Your output consists solely of the lines from the one that contains "N.H. Kerk, in" to the end of the material, each reproduced exactly; pictures do not belong in it.

# DATA EXTRACT:
• • • • •

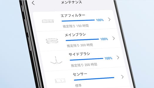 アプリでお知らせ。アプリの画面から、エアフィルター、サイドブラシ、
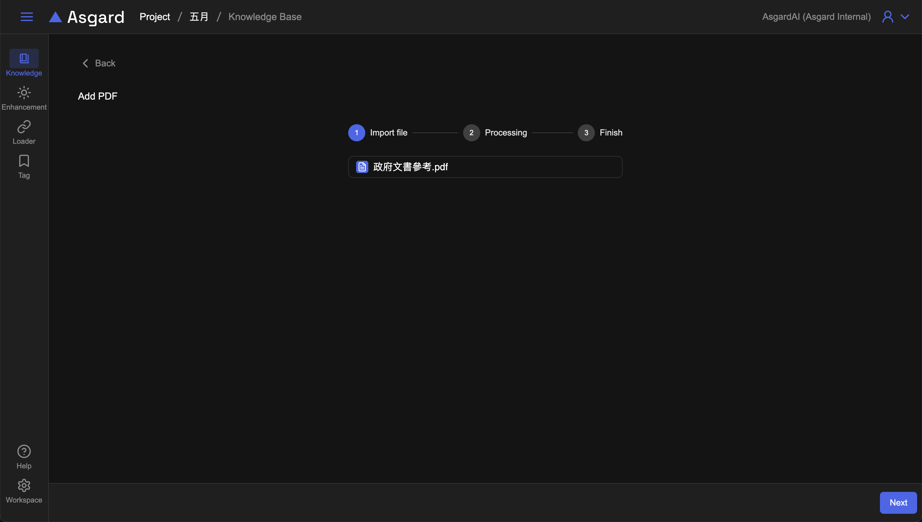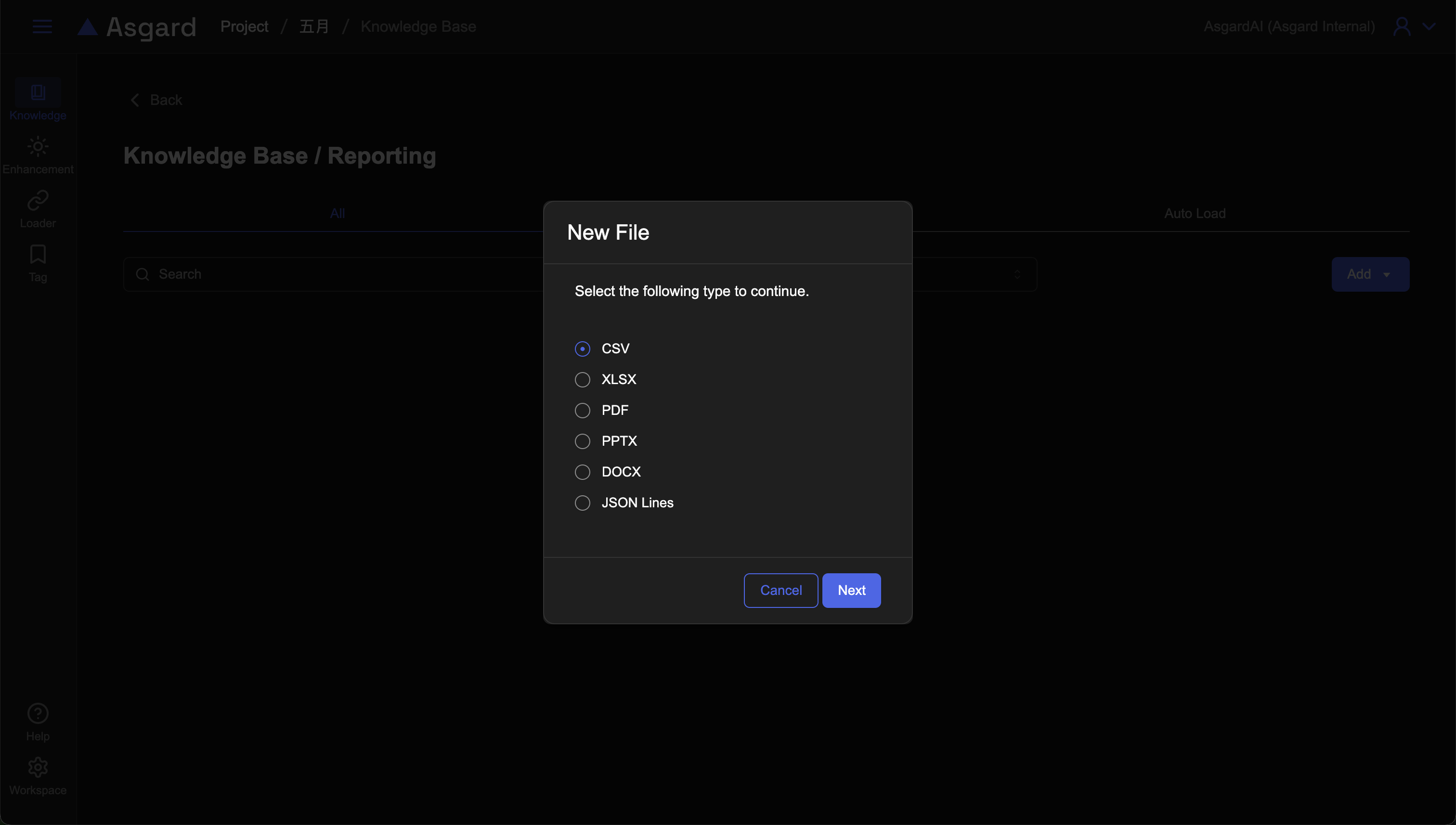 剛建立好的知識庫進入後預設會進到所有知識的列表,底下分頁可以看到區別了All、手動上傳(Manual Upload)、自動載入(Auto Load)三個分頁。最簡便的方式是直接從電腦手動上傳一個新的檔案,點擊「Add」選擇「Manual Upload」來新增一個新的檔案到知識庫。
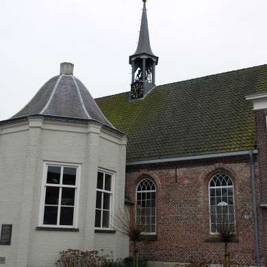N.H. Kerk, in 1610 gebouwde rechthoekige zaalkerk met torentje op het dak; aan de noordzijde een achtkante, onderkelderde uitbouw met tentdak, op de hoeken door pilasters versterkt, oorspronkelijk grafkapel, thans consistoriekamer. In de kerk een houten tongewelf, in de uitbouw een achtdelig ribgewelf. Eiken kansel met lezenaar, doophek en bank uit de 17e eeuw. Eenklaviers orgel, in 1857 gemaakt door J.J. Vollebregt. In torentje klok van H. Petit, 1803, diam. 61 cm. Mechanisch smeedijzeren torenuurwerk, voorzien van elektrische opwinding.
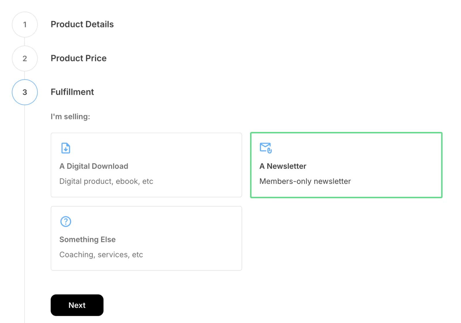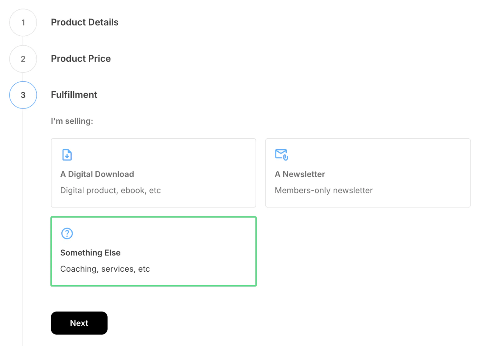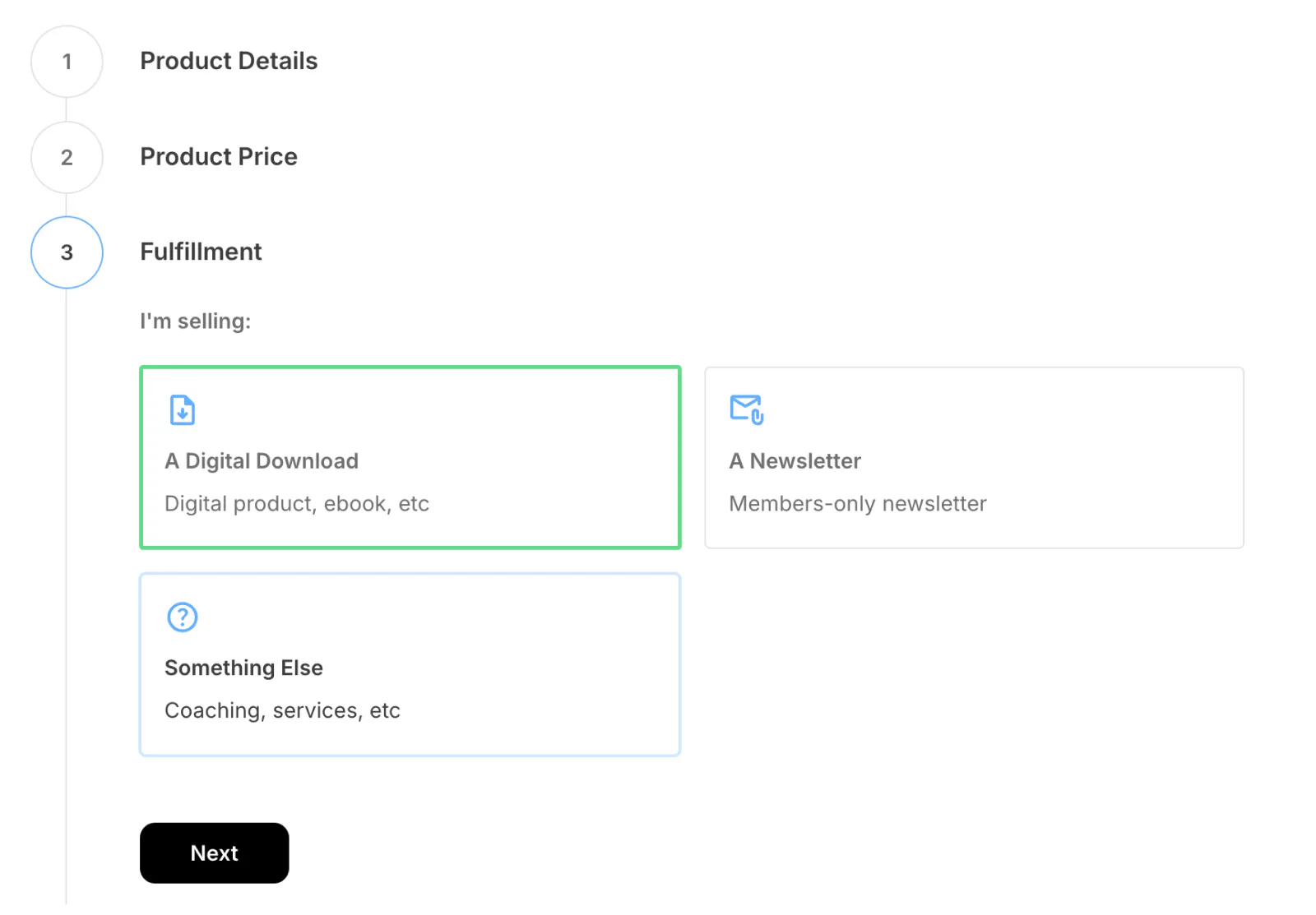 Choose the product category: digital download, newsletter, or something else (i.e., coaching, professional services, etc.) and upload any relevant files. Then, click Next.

• • • • •

# EXERCISE OUTPUT:
N.H. Kerk, in 1610 gebouwde rechthoekige zaalkerk met torentje op het dak; aan de noordzijde een achtkante, onderkelderde uitbouw met tentdak, op de hoeken door pilasters versterkt, oorspronkelijk grafkapel, thans consistoriekamer. In de kerk een houten tongewelf, in de uitbouw een achtdelig ribgewelf. Eiken kansel met lezenaar, doophek en bank uit de 17e eeuw. Eenklaviers orgel, in 1857 gemaakt door J.J. Vollebregt. In torentje klok van H. Petit, 1803, diam. 61 cm. Mechanisch smeedijzeren torenuurwerk, voorzien van elektrische opwinding.
 Choose the product category: digital download, newsletter, or something else (i.e., coaching, professional services, etc.) and upload any relevant files. Then, click Next.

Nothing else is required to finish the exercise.